**Instructions for the task**
Your copy of the listing should match it exactly, only without pictures.

**Source data**
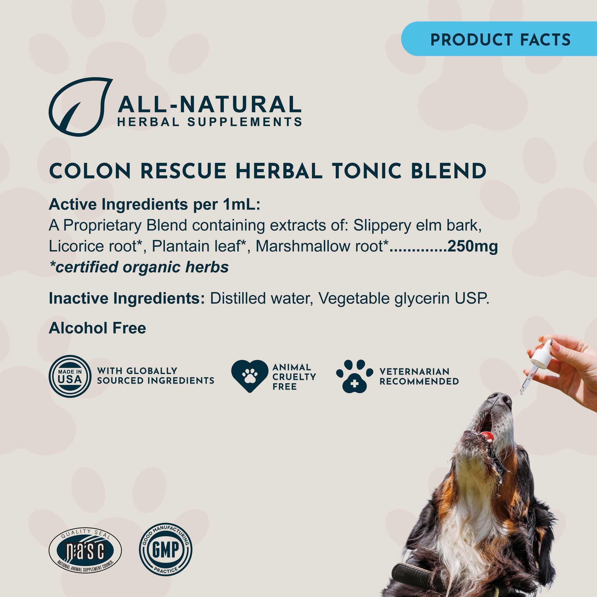 Yes, Colon Rescue is formulated to be safe for daily, long-term use. It can be added as part of your pet’s regular wellness routine, especially for those with sensitive digestion or occasional digestive upset. The gentle, mucilaginous herbs in this blend support healthy gut flora, soothe the digestive tract, and promote normal bowel function — without the harsh effects associated with pharmaceutical options.
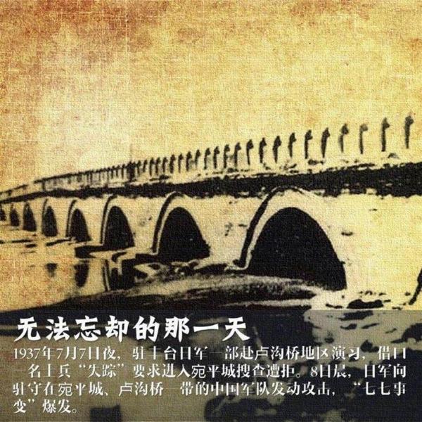七七事变,又称卢沟桥事变,发生于1937年7月7日。1937年7月7日夜,卢沟桥的日本驻军在未通知中国地方当局的情况下,径自在中国驻军阵地附近举行所谓军事演习,并诡称有一名日军士兵失踪,要求进入北平西南的宛平县城(今卢沟桥镇)搜查,被中国驻军严词拒绝,日军随即向宛平城和卢沟桥发动进攻。中国驻军第29军37师219团奋起还击,进行了顽强的抵抗。
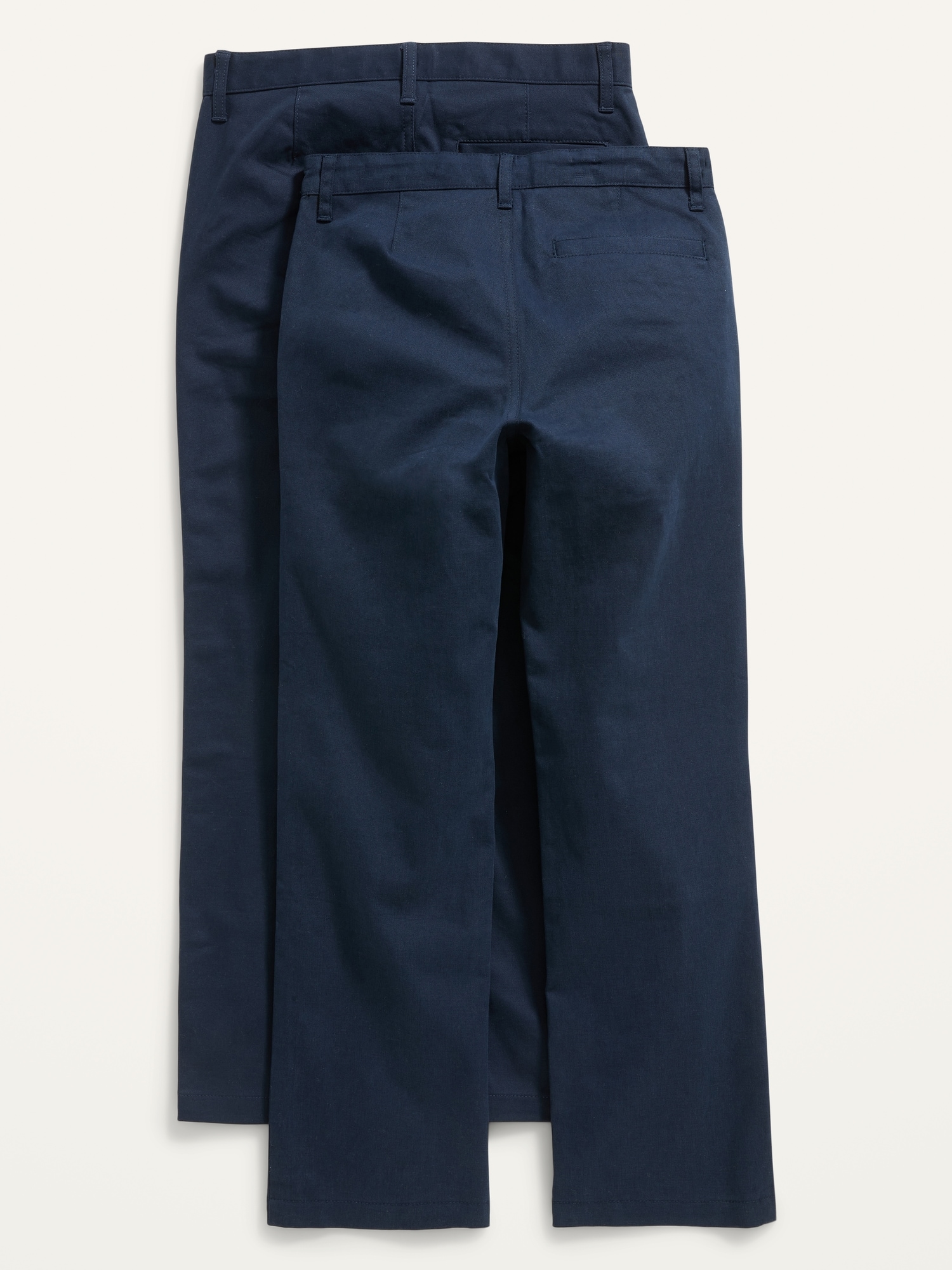 Uniform Built-In Flex Straight Pants 2-Pack For Boys: Interior adjustable waistband expands for a perfect fit., Hook-and-bar closure with decorative button in sizes 5-8; regular button closure in sizes 10-18., Zip fly., Flat front., Diagonal on-seam pockets in front; welt pocket at back right., Reinforced knees for added durability., Soft cotton twill., Engineered with innovative Built-In Flex stretch technology. Equal parts comfort & movement., #692982

**Exercise output**
 Yes, Colon Rescue is formulated to be safe for daily, long-term use. It can be added as part of your pet’s regular wellness routine, especially for those with sensitive digestion or occasional digestive upset. The gentle, mucilaginous herbs in this blend support healthy gut flora, soothe the digestive tract, and promote normal bowel function — without the harsh effects associated with pharmaceutical options.
七七事变,又称卢沟桥事变,发生于1937年7月7日。1937年7月7日夜,卢沟桥的日本驻军在未通知中国地方当局的情况下,径自在中国驻军阵地附近举行所谓军事演习,并诡称有一名日军士兵失踪,要求进入北平西南的宛平县城(今卢沟桥镇)搜查,被中国驻军严词拒绝,日军随即向宛平城和卢沟桥发动进攻。中国驻军第29军37师219团奋起还击,进行了顽强的抵抗。
 Uniform Built-In Flex Straight Pants 2-Pack For Boys: Interior adjustable waistband expands for a perfect fit., Hook-and-bar closure with decorative button in sizes 5-8; regular button closure in sizes 10-18., Zip fly., Flat front., Diagonal on-seam pockets in front; welt pocket at back right., Reinforced knees for added durability., Soft cotton twill., Engineered with innovative Built-In Flex stretch technology. Equal parts comfort & movement., #692982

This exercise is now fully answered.